Vic (played by Tournis) is one of a trio of low-level hustlers eking out a living selling pornographic videotapes to sweaty teenagers. The history of their relationship—boyhood friends? college roommates? former cellmates?—is never explained in this loosely knit narrative. The three colleagues-in-sleaze—ringleader Vic, reluctant sidekick Seth (Eric Wang) and alcoholic hanger-on Owen (Eric Roach)—are down to their last nickel when they see on TV a religious huckster of the Jim Bakker or Jimmy Swaggart variety soliciting contributions from his virtual flock. The proverbial lightbulb goes off, and a besuited Vic is soon in business, preachin’ and prayin’ up a storm while raking in the bucks from a growing audience of religious consumers who find transcendence in his tawdry faith-healing act and sincerity in his slick, showbiz persona.
Assorted hijinks ensue, including the intrusion of Darla (Ashley Yates), a hard-bargaining con artist who muscles her way into the stag setup, pretending to be Vic’s Tammy Faye Bakker-like wife, all big hair and corn-syrup smile. The plot thickens with the introduction of Agnes (Lorraine Freund), an older, good-hearted woman who desperately needs the love and care that Vic pretends to offer, and Leslie Goode (Timothy C. Amos), the villainous local megachurch minister with antifreeze in his veins who brooks no competition on his turf. The two go at each other like rival drug lords, and violence is in the air. There are hints of Trumpian bombast, idiocy and viciousness in the ranting performances of the two electronic preachers, both of whom are masters of the original and still most crass reality TV format. Still, more could be done to connect these Reagan-era reprobates to the camera-loving con artist currently residing in the White House, who also feeds off the misery and misplaced anger of his followers.
Not every actor here sparkles—Wang in particular is miscast in a thankless, wet-blanket role—but Tournis shows some depth in his duplicity as the crooked but not utterly heartless Vic. Amos is elegantly evil as his hypocritical foe, and Freund puts a little extra into her performance as Vic’s biggest fan, who refuses to acknowledge her hero’s fraudulence, declaring, “You make me happy—you can’t fake that.” Roach is joyfully bouncy and goofy in the play’s two musical numbers, the highlight of the evening.

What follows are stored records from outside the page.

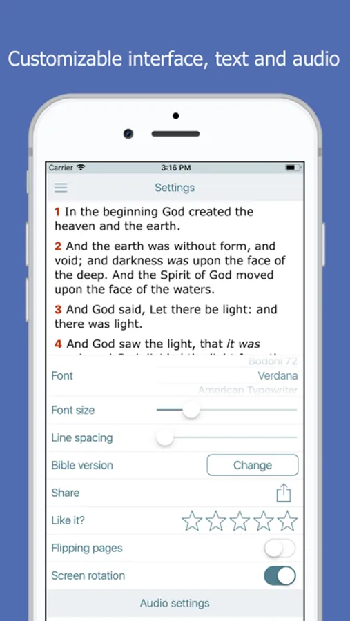 Fast search, simultaneous works with multiple verses, text and audio customization, flipping pages option -- all works offline
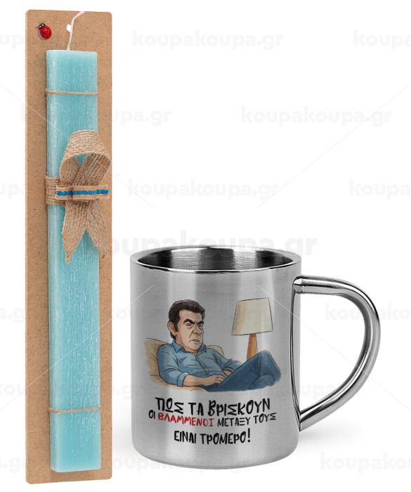 ΠΩΣ ΤΑ ΒΡΙΣΚΟΥΝ ΟΙ ΒΛΑ....ΝΟΙ ΜΕΤΑΞΥ ΤΟΥΣ, ΕΙΝΑΙ ΤΡΟΜΕΡΟ!!!, Πασχαλινή Λαμπάδα με μεταλλική κούπα θερμό (300ml) & κερί αρωματικό πλακέ (30cm) (ΤΙΡΚΟΥΑΖ)
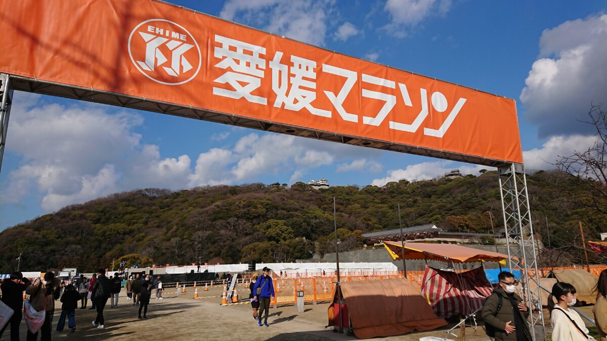 運よく当選し2年連続の出走となった愛媛マラソン。前年は残り数十秒でのギリギリゴールだっただけに今回は余裕のゴールをしたいところ、でしたが・・・・
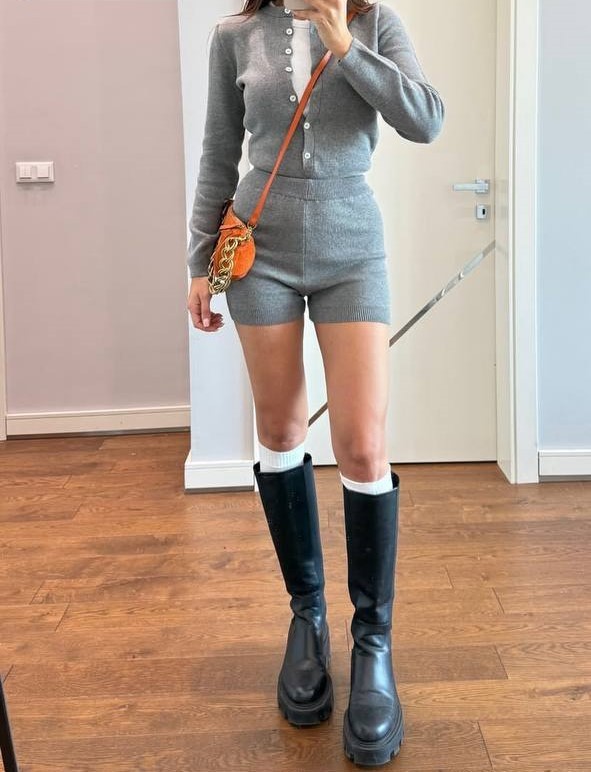Женский Серый Комплект Двойка – Боди с Длинными Рукавами + Шорты
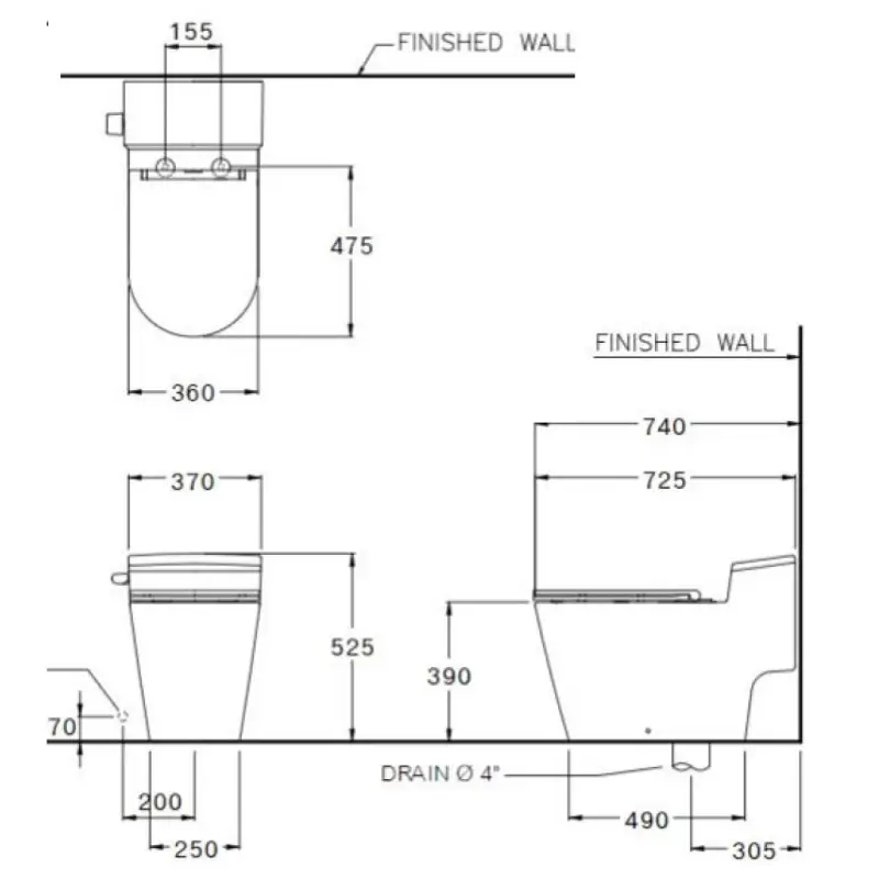 - Kích thước: 725 x 370 x 525 mm (Xem chi tiết ở phần hướng dẫn lắp đặt).

Raising the question: Why isn’t “Prophet$” a full-fledged musical? It seems headed in that direction but never arrives. Instead, we get a show that’s too sweet and affectionate toward its bottom-feeding characters to be biting satire and too broad to be compelling drama. The frat-boy-gone-bad feel of the protagonists doesn’t mesh with the darker, deeper themes here of corruption and betrayal, and the script’s barrage of f-bombs doesn’t help, numbing the audience’s ear and choking off any more creative or sophisticated use of language. In the end, the tricksters head off into the sunset, seeking new rackets and fresh victims, leaving us wondering what, if anything, the moral of this story might be.
Karl Marx memorably termed religion the “sigh of the oppressed creature, the heart of a heartless world.” The real-life operators who monetize this one refuge from a mercenary value system are doing more than fleecing the credulous and vulnerable. They’re showing that nothing is sacred in our society and literally everything is for sale. And there’s really nothing funny about that. (Hugh Iglarsh)
The Factory Theater, 1623 West Howard, (866)811-4111, thefactorytheater.com, $18-$25. Through July 20.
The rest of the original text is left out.